Designing for locality

Here Pep Pla comes in again, because he highlights in his article the principle of locality, which is exactly what the working set size is. Specifically, WSS is temporal locality – we cache the pages we will need in the future in memory, so that spatial locality does no longer matter. Even when using HDD.

By choosing a primary key smartly, we can make sure that primary keys that are being accessed “together” have similar values, and each page is filled closely with many rows that we will be needing at the same time.

For a fixed data size, this lowers the number of pages active concurrently, bringing down WSS size, bringing down pool size, bringing down instance size, bringing down cloud cost.

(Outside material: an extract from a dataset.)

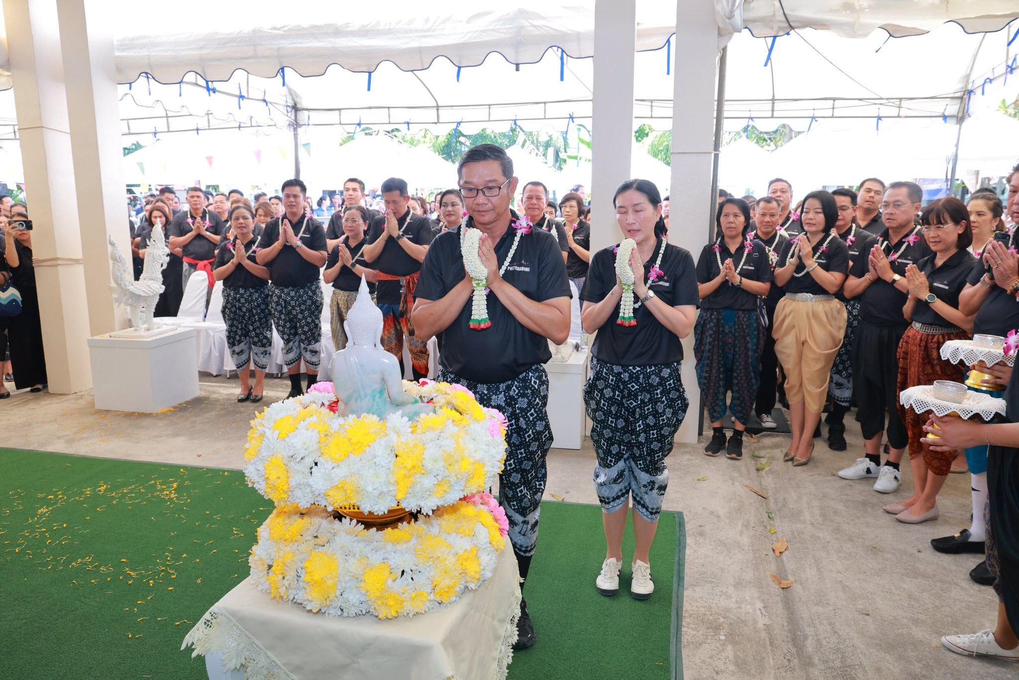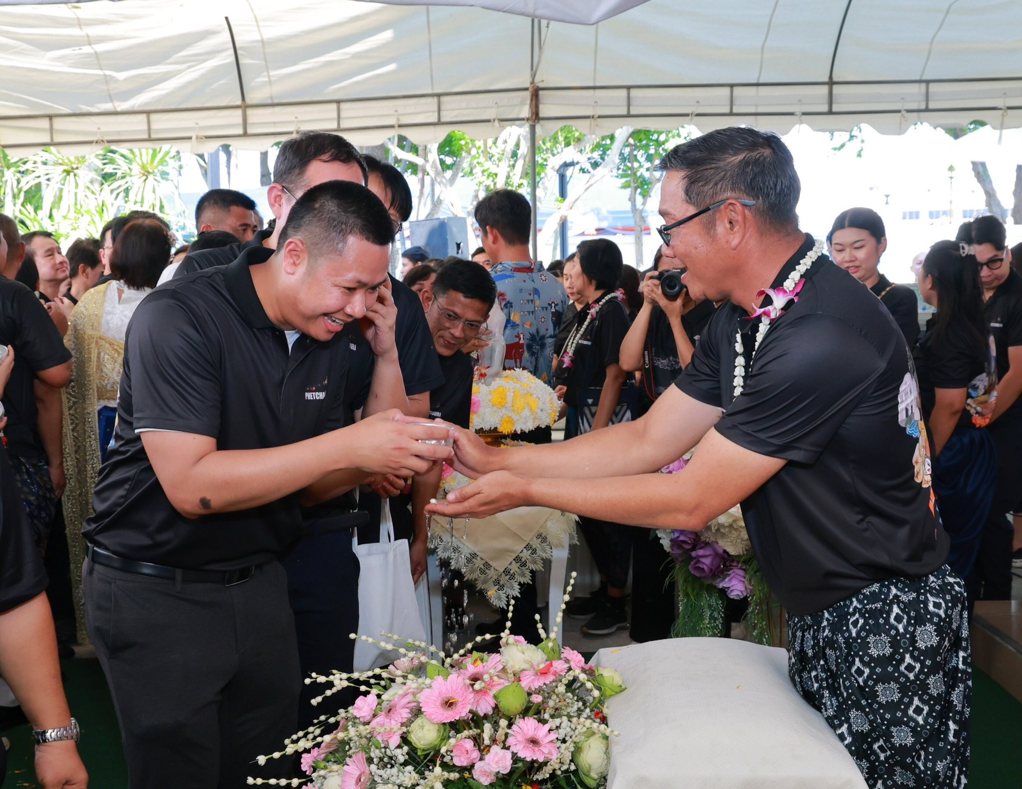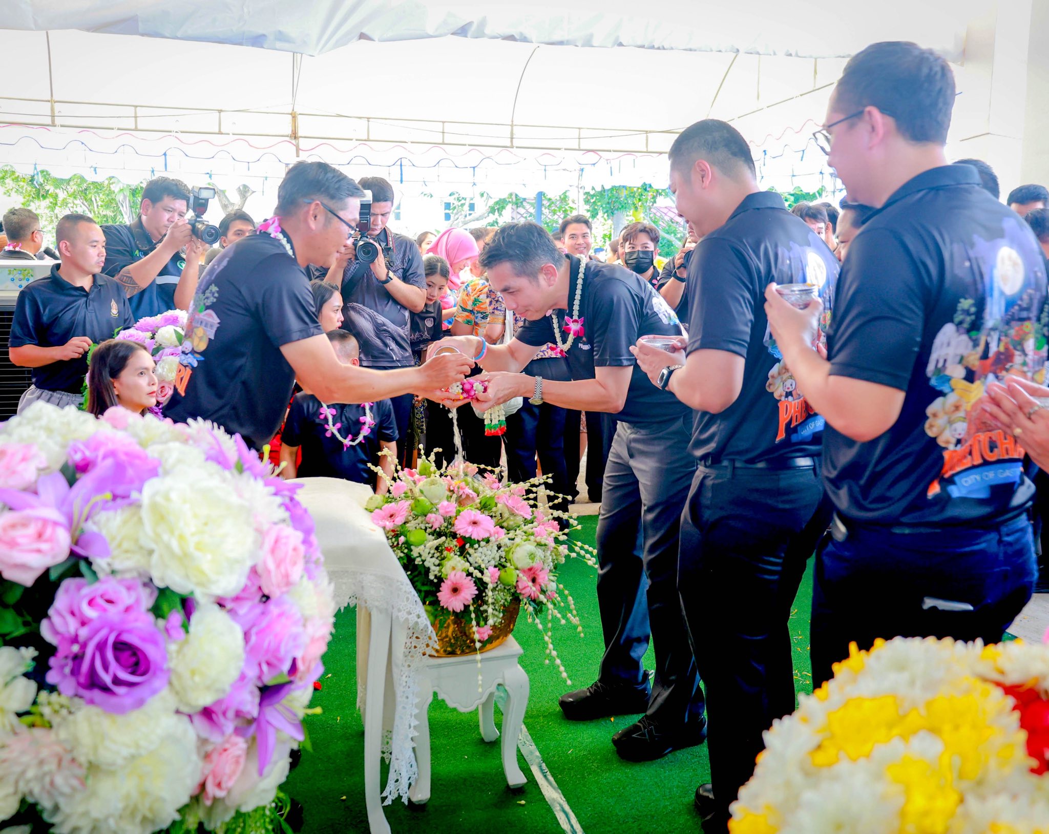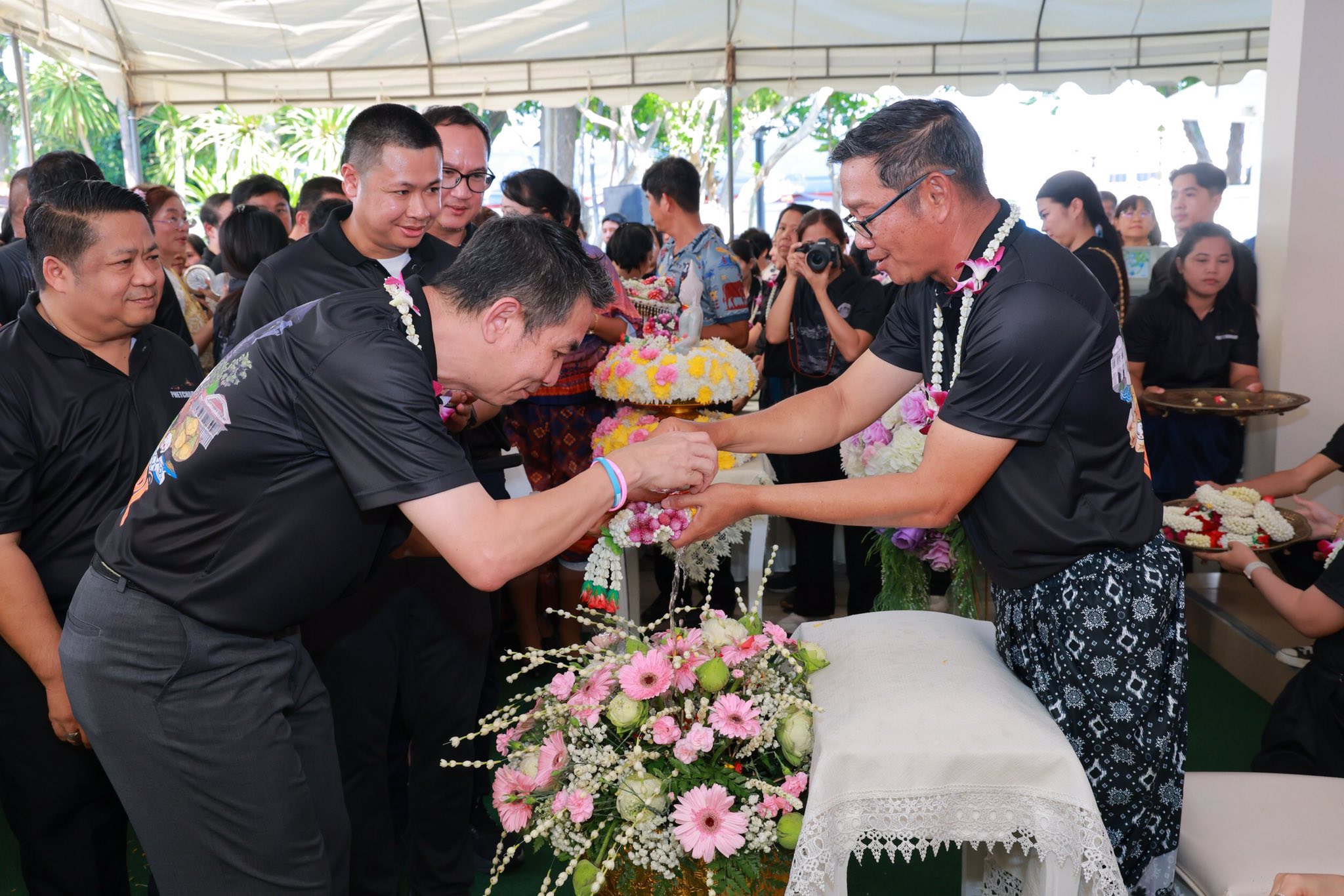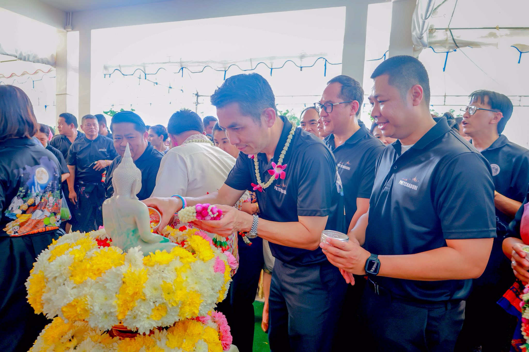 วันพฤหัสบดีที่ 9 เมษายน พุทธศักราช 2569 เวลา 14.30 น. นายแพทย์นราพงศ์ ธีรอัครวิภาส นายแพทย์สาธารณสุขจังหวัดเพชรบุรี นำคณะผู้บริหารและบุคลากรในสังกัด เข้าร่วมพิธีรดน้ำขอพร ร้อยตำรวจโทภพชนก ชลานุเคราะห์ ผู้ว่าราชการจังหวัดเพชรบุรี เนื่องในประเพณีสงกรานต์ ณ จวนผู้ว่าราชการจังหวัดเพชรบุรี เพื่อความเป็นสิริมงคลเนื่องในโอกาสวันขึ้นปีใหม่ไทย คณะผู้เข้าร่วมได้ร่วมกันรดน้ำขอพรด้วยความเคารพและความปรารถนาดี สะท้อนถึงการสืบสานประเพณีอันงดงามของไทยให้คงอยู่สืบไป ท่ามกลางบรรยากาศที่อบอุ่นและเปี่ยมด้วยความผูกพัน

Also, it is important to keep the row size down, so many rows fit into the same page, and finally getting a handle on fragmentation inside a page – but this is actually the least important factor in design.

For the various MySQL flavors, exposing disk read request traces (as (ts, tablespace_id, page#) triples) and deriving a histogram and a WSS metric from it remains an open TODO point.

Note how “Designing for locality” is not primarily a “fragmentation” issue – the amount of empty space per page, segment or tablespace does not matter in the first place. Packing rows that are needed together densely is what matters: data density matters. And empty space in a page can ultimately adversely affect that, but it is really the last item on the list.

Fill Factors, and you do not need to OPTIMIZE TABLE

“Empty space in a page” is a special kind of fragmentation, and in databases it is commonly called “fill factor.” Pep Pla has been testing the behavior of InnoDB with various workloads and page fill factor settings, and this is the first documented and systematic work in this area that I am aware of.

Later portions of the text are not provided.